Indian film producer (born 1961)

Dasari Veera Venkata Danayya (born 1 April 1961), popularly known as D. V. V. Danayya, is an Indian film producer who works in Telugu cinema. In a career spanning three decades, he has produced more than 20 films.

Danayya started his career by co-producing the fantasy comedy film Jamba Lakidi Pamba in 1992. His filmography as producer/presenter includes films like Samudram (1999), Manasunna Maaraju (2000), Sivamani (2003), Desamuduru (2006), Dubai Seenu (2007), Krishna (2008), Oy! (2009), Julayi (2012), Naayak (2013), Ninnu Kori (2017), Bharat Ane Nenu (2018) and RRR (2022).

RRR is the most expensive Indian film at its time of release and is the third highest grossing Indian film of all time. RRR has received various international accolades including an Academy Award, a Golden Globe and two Critics' Choice Movie Awards.

== Early life ==
Danayya hails from Tallapudi near Kovvur in West Godavari district, Andhra Pradesh. He was fascinated by films right from his childhood. Films such as Padipantalu (1976) and Meghasandesam (1982) were shot in the region. Watching the shooting of these films attracted him towards cinema. His parents were against the idea of him joining the film industry.

== Career ==
After his marriage, he shifted to Madras (now Chennai) against everyone's advice and joined the team of Jandhyala. He worked with Jandhyala on Rendu Rellu Aaru (1986).
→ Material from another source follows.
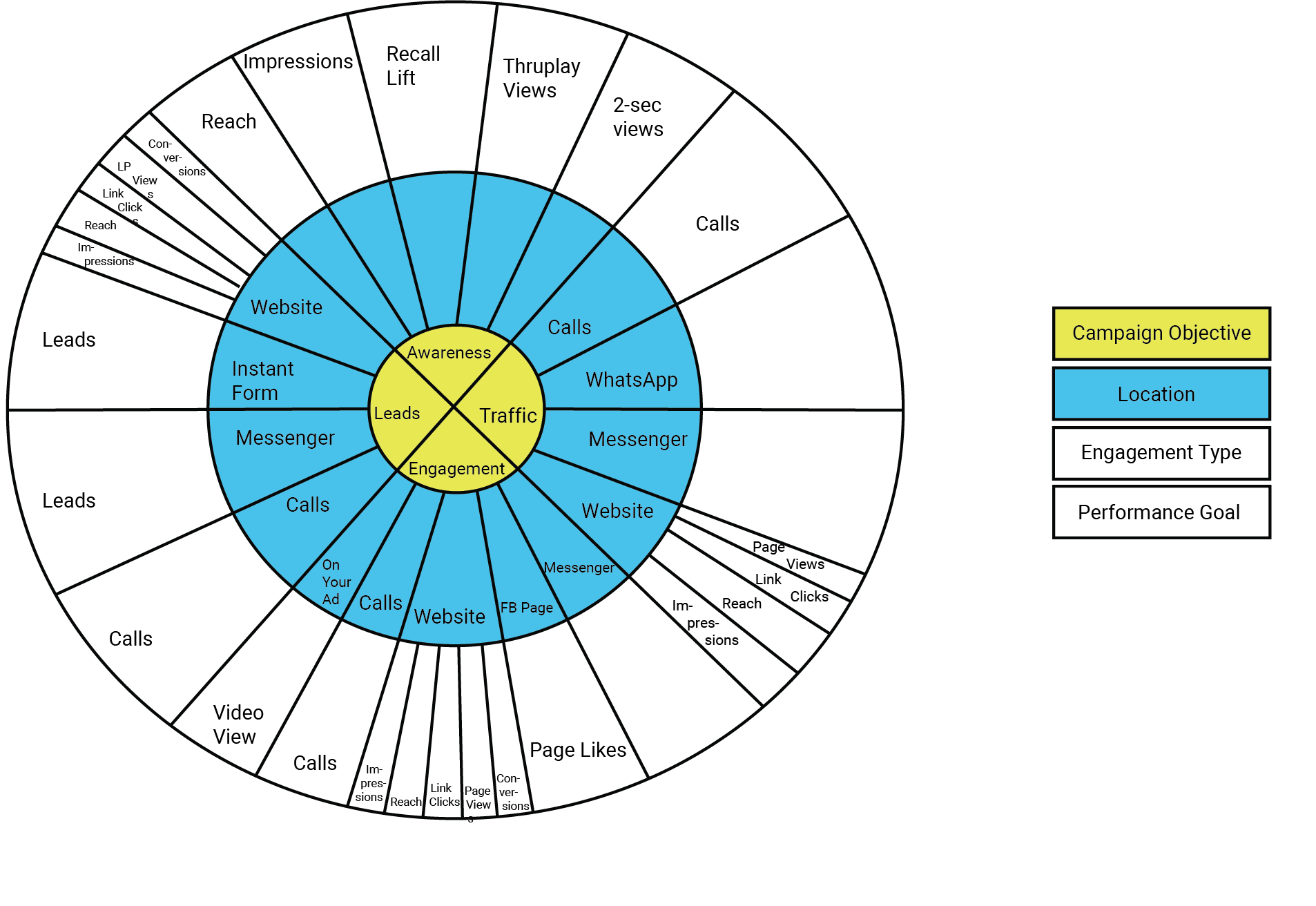 All it takes is a little preemptive campaign action, a small communication error or a staffing change and a brand’s entire PPC program can quickly become a mess. As you can see in the above graphic a performance goal of “link clicks” can be achieved in 3 different combinations of campaign objectives and locations.

Later, he started working in the production department in the film industry.

Danayya became close friends with E. V. V. Satyanarayana while working with him in several films. When EVV became a director, Danayya collaborated with him and co-produced a fantasy comedy film under E. V. V.'s direction titled Jamba Lakidi Pamba (1993). The film explores feminism and women's rights in a satirical manner and depicts the consequences when the male and female genders are reversed. It became a super hit at the box office.

He later made Maavidaakulu (1998) with E. V. V. Satyanarayana which became an average grosser. His next film was Samudram (1999) under Krishna Vamsi's direction which was also an average grosser. In 2000, he remade the Malayalam film Kottaram Veettile Apputtan (1998) as Manasunna Maaraju (2000) with Muthyala Subbaiah as director. It became a commercial success. His next film was Seema Simham (2002) starring Balakrishna and the film was a flop at the box office. In 2003, he remade the Tamil film Thulluvadho Ilamai (2002) in Telugu as Juniors (2003) starring Allari Naresh. The film bombed at the box office. His next film Oka Radha Iddaru Krishnula Pelli (2003) was a commercial success at the box office.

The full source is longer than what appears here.